=== Work order ===
Set down, exactly as written, the lines from the line holding "The Marines and" to the end of the data, inclusive, skipping any pictures.

=== Data provided ===
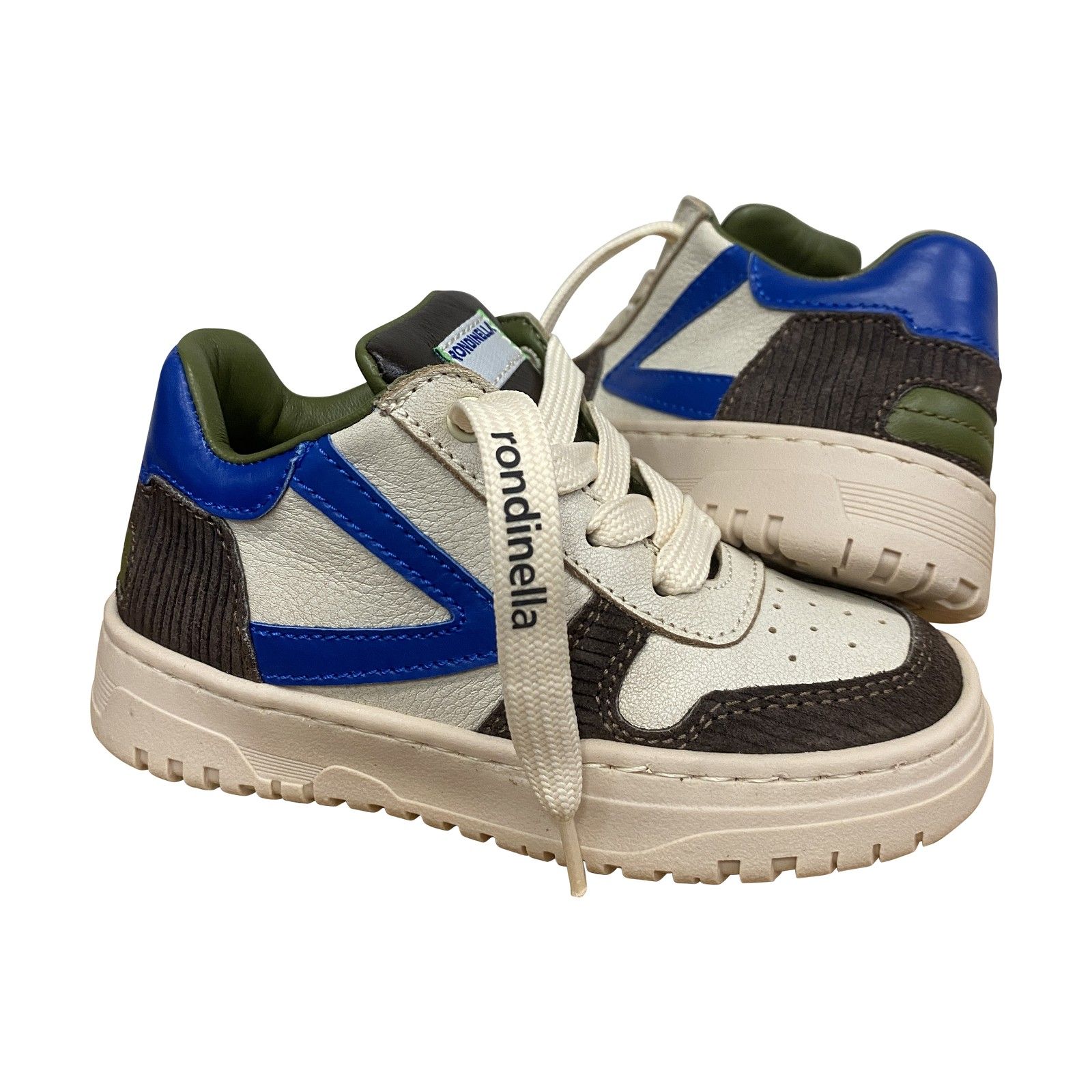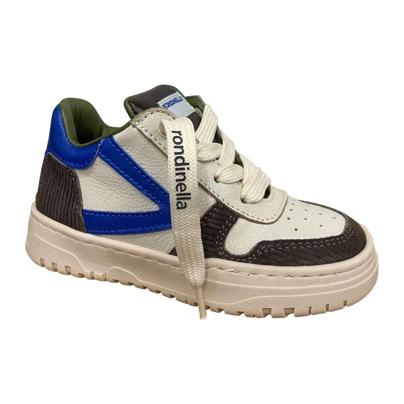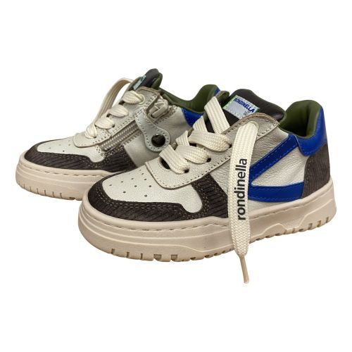 Deze sportieve jongenssneaker van Rondinella combineert witte en donkerbruine lederdelen met frisse blauwe en groene accenten. De stevige zool zorgt voor goede grip, terwijl de zachte binnenkant en veter-rits sluiting zorgen voor comfort en gemak bij het aan- en uittrekken. Een veelzijdig model dat perfect past bij school, vrije tijd en actieve speelmomenten.
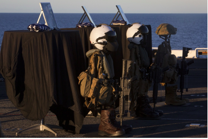 The Marines and Sailors of the 31st Marine Expeditionary Unit and USS Bonhomme Richard (LHD 6) Expeditionary Strike Group joined together to honor and remember 1st Lt. Benjamin Cross, Cpl. Nathaniel Ordway and Pfc. Ruben Velasco during a moving sunset memorial aboard the Bonhomme Richard, Aug. 9, 2017.
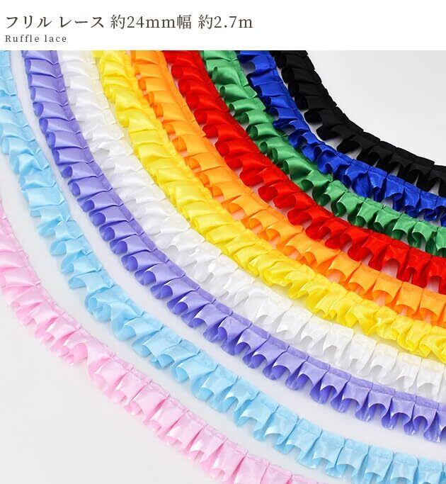 存在感のあるボリュームたっぷりのフリルで、推し活グッズをより華やかに!豊富なカラーバリエーション10色!ゆめかわいい色合いからビビットカラーまで、あなたの推し色もきっと見つかります。さらに約2.7m入っていますので、たっぷりご利用いただけます。接着剤や両面テープで貼り付けるだけで簡単!硬質ケース・フォトフレーム、うちわのデコレーションや、ロゼッタ作りなどにおすすめのサイズ。もちろん、ゆめかわな作品やお子様のドレス・衣装ポーチやバッグなど、様々な装飾としてお使いいただけます。
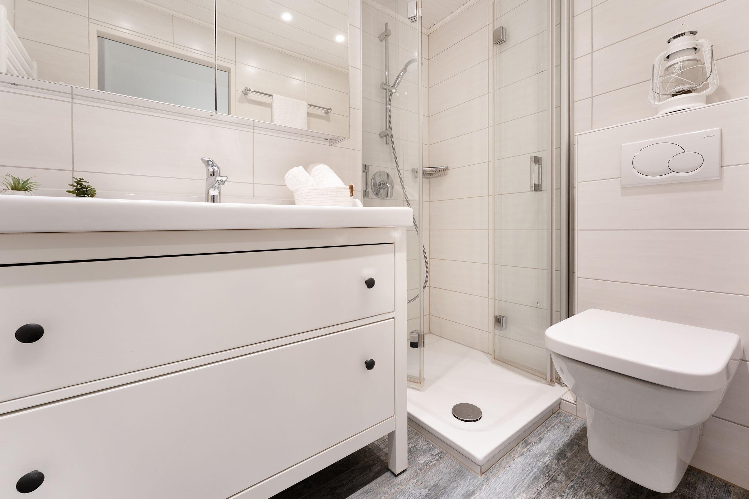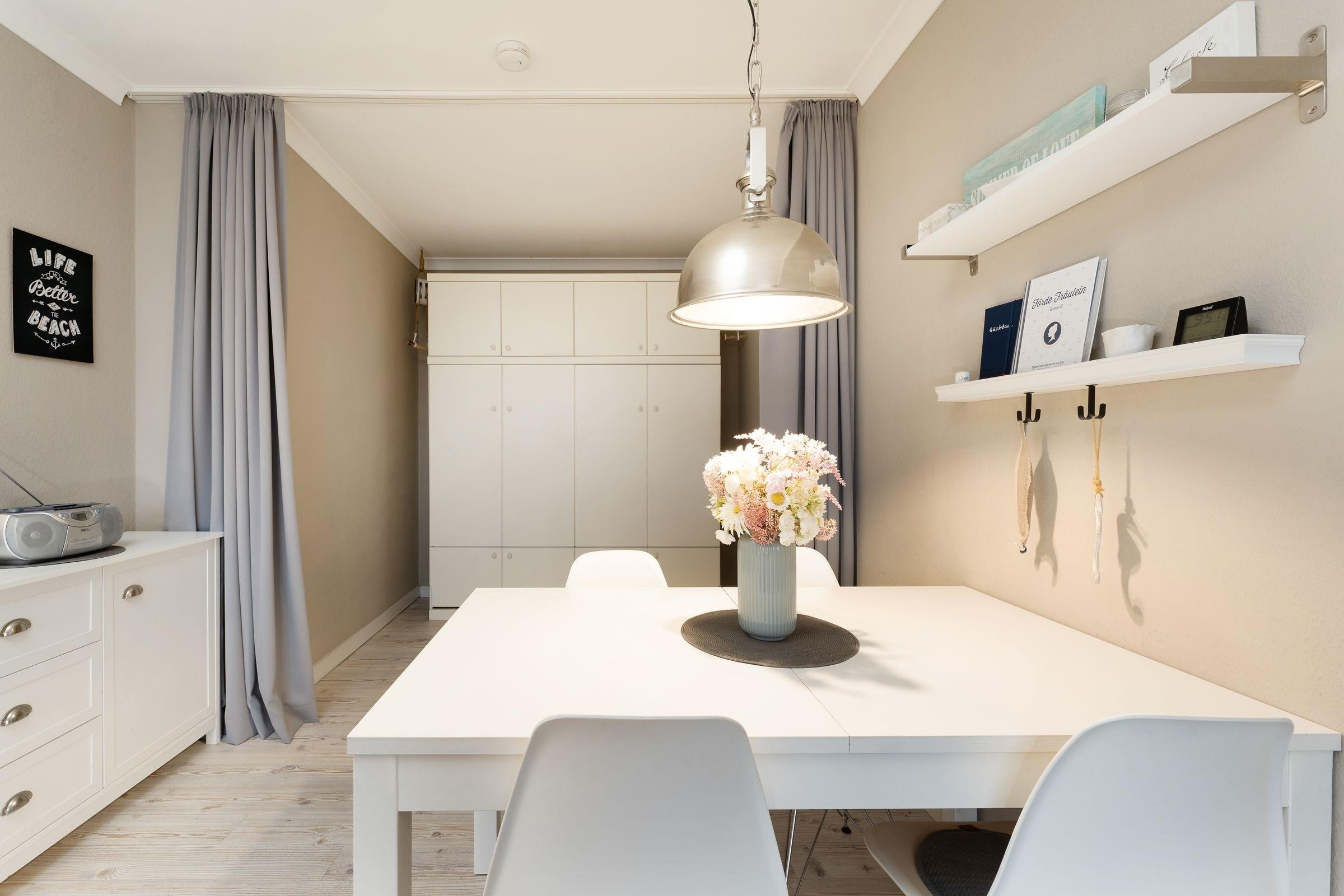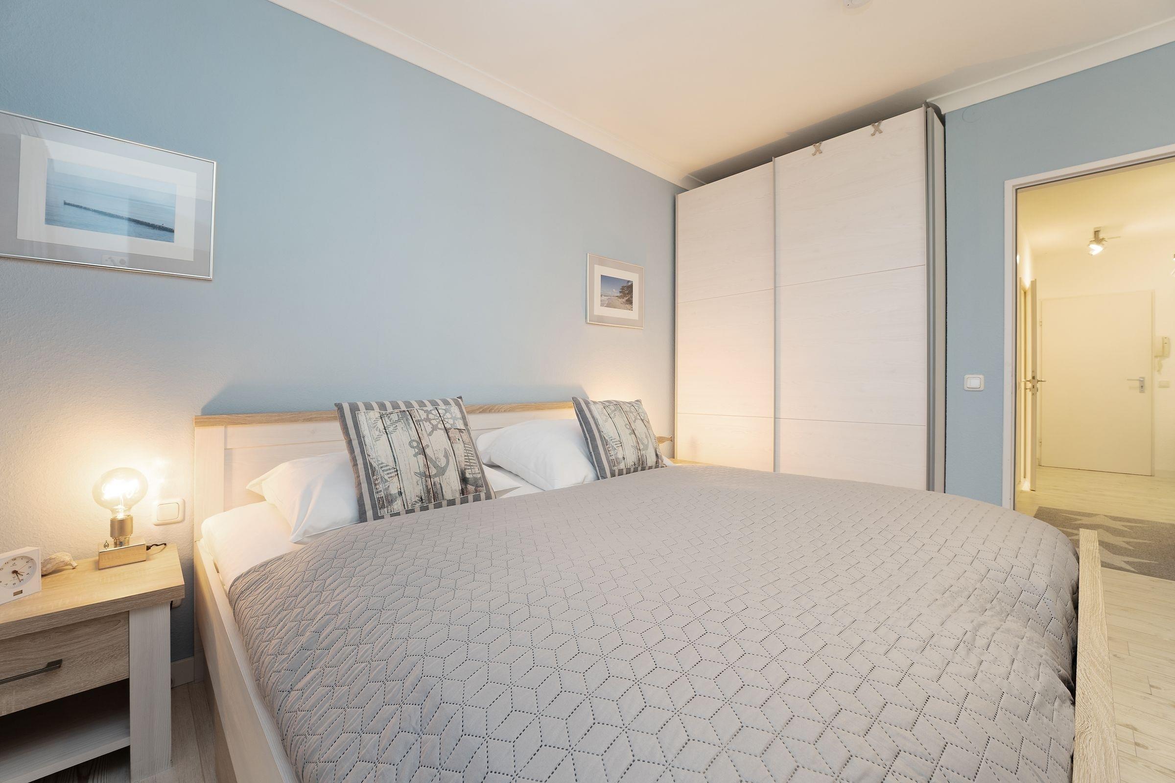 In der maritim eingerichteten Ferienwohnung werden Sie sich sofort wohlfühlen – Ihr Urlaub kann direkt beginnen! Im Wohnzimmer warten eine gemütliche Sitzecke mit TV sowie eine Essecke auf Sie. Von hier aus können Sie auf den möblierten Balkon treten und die frische Meeresbrise der nur 100m entfernten Ostsee genießen. Im Wohnzimmer befindet sich ein praktisches Schrankbett (2x 90x200 cm), das für die Nacht ausgeklappt wird. In einem separaten Schlafzimmer steht ein Doppelbett (2x 90x200 cm). Darin lässt es sich wunderbar von den Erlebnissen des Tages träumen. Die geschlossen Küche mit Induktionsherd ist gut ausgestattet und steht bereit für jegliche Koch-Ideen. Zaubern Sie hier Ihre Menüs und genießen Sie Ihre Zeit an der Ostsee.

=== Answer section ===
 The Marines and Sailors of the 31st Marine Expeditionary Unit and USS Bonhomme Richard (LHD 6) Expeditionary Strike Group joined together to honor and remember 1st Lt. Benjamin Cross, Cpl. Nathaniel Ordway and Pfc. Ruben Velasco during a moving sunset memorial aboard the Bonhomme Richard, Aug. 9, 2017.
 存在感のあるボリュームたっぷりのフリルで、推し活グッズをより華やかに!豊富なカラーバリエーション10色!ゆめかわいい色合いからビビットカラーまで、あなたの推し色もきっと見つかります。さらに約2.7m入っていますので、たっぷりご利用いただけます。接着剤や両面テープで貼り付けるだけで簡単!硬質ケース・フォトフレーム、うちわのデコレーションや、ロゼッタ作りなどにおすすめのサイズ。もちろん、ゆめかわな作品やお子様のドレス・衣装ポーチやバッグなど、様々な装飾としてお使いいただけます。
 In der maritim eingerichteten Ferienwohnung werden Sie sich sofort wohlfühlen – Ihr Urlaub kann direkt beginnen! Im Wohnzimmer warten eine gemütliche Sitzecke mit TV sowie eine Essecke auf Sie. Von hier aus können Sie auf den möblierten Balkon treten und die frische Meeresbrise der nur 100m entfernten Ostsee genießen. Im Wohnzimmer befindet sich ein praktisches Schrankbett (2x 90x200 cm), das für die Nacht ausgeklappt wird. In einem separaten Schlafzimmer steht ein Doppelbett (2x 90x200 cm). Darin lässt es sich wunderbar von den Erlebnissen des Tages träumen. Die geschlossen Küche mit Induktionsherd ist gut ausgestattet und steht bereit für jegliche Koch-Ideen. Zaubern Sie hier Ihre Menüs und genießen Sie Ihre Zeit an der Ostsee.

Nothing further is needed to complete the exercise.